Top of RECORDS FOR THE TASK
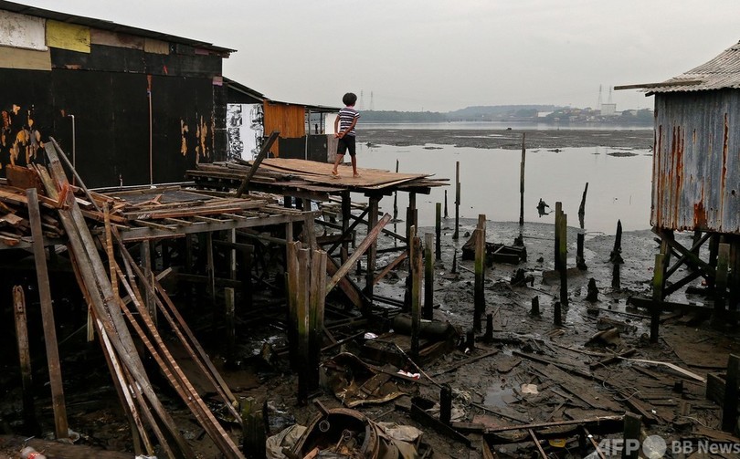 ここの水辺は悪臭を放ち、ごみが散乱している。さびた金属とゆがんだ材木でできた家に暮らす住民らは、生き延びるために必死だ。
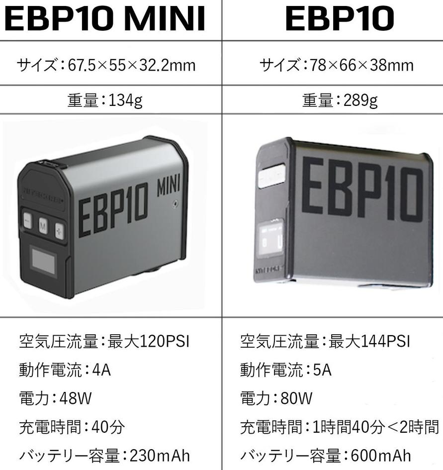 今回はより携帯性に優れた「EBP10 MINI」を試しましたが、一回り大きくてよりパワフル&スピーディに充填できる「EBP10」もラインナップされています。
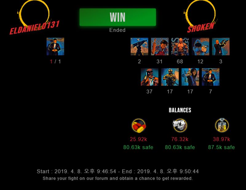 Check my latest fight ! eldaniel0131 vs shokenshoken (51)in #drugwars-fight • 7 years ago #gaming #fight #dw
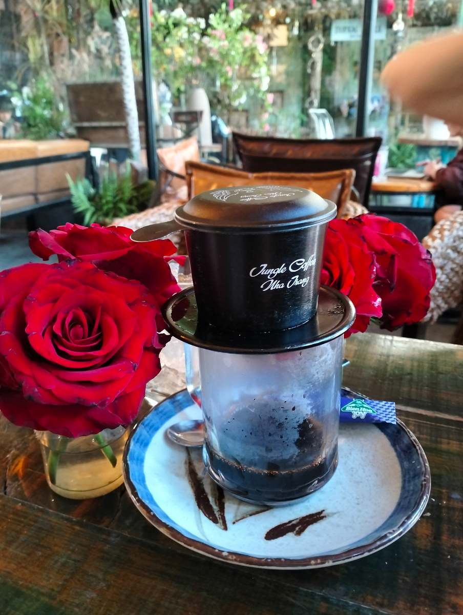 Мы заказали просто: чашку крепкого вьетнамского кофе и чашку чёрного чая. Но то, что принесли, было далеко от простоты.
Bottom of RECORDS FOR THE TASK
Top of RECORDS FOR THE TASK
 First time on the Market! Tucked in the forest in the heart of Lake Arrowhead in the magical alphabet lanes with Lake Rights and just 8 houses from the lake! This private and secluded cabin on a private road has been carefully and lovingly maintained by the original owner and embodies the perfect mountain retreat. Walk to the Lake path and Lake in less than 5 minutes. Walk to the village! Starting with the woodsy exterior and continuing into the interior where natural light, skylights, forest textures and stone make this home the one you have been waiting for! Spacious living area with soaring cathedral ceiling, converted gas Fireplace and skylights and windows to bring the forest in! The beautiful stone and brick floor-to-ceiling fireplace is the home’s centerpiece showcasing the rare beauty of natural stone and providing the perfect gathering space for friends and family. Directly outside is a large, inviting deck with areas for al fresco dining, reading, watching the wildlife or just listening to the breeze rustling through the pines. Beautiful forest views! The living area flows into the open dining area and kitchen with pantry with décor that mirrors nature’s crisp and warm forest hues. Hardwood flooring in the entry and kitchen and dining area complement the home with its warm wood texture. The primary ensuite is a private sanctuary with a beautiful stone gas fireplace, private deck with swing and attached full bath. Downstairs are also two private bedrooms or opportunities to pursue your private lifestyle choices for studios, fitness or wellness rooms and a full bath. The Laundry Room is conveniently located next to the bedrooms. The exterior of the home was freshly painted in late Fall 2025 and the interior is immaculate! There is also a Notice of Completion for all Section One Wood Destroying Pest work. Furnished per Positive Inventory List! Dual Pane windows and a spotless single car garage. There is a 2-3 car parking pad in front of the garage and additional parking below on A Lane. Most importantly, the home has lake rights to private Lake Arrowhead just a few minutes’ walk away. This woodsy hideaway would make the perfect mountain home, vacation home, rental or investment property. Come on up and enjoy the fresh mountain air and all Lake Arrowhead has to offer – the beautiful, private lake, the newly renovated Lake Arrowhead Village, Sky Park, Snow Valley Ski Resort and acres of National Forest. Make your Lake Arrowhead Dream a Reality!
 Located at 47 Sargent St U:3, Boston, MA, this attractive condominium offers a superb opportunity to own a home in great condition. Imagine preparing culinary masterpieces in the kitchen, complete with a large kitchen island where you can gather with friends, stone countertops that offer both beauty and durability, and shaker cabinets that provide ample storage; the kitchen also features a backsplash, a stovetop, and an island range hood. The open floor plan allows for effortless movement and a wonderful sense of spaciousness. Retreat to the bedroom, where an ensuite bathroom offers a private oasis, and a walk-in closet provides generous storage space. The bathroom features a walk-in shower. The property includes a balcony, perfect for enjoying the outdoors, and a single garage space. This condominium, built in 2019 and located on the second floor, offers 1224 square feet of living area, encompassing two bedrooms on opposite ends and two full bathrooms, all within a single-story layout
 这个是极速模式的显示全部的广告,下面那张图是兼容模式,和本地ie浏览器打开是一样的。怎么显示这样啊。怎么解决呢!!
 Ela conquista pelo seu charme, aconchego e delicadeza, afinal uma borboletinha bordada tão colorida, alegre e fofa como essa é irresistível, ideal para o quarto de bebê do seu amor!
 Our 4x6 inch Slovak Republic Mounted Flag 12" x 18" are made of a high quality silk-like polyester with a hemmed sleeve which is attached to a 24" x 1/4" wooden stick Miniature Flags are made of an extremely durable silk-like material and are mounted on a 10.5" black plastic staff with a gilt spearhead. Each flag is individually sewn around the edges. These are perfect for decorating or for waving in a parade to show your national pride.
Bottom of RECORDS FOR THE TASK
#### [AIM OF THE TASK]
As listed above, the lines from the line with "这个是极速模式的显示全部的广" to the line with "Our 4x6 inch" are to be echoed exactly, with both ends included and nothing added.

#### [RESPONSE FOR THIS EXERCISE]
 这个是极速模式的显示全部的广告,下面那张图是兼容模式,和本地ie浏览器打开是一样的。怎么显示这样啊。怎么解决呢!!
 Ela conquista pelo seu charme, aconchego e delicadeza, afinal uma borboletinha bordada tão colorida, alegre e fofa como essa é irresistível, ideal para o quarto de bebê do seu amor!
 Our 4x6 inch Slovak Republic Mounted Flag 12" x 18" are made of a high quality silk-like polyester with a hemmed sleeve which is attached to a 24" x 1/4" wooden stick Miniature Flags are made of an extremely durable silk-like material and are mounted on a 10.5" black plastic staff with a gilt spearhead. Each flag is individually sewn around the edges. These are perfect for decorating or for waving in a parade to show your national pride.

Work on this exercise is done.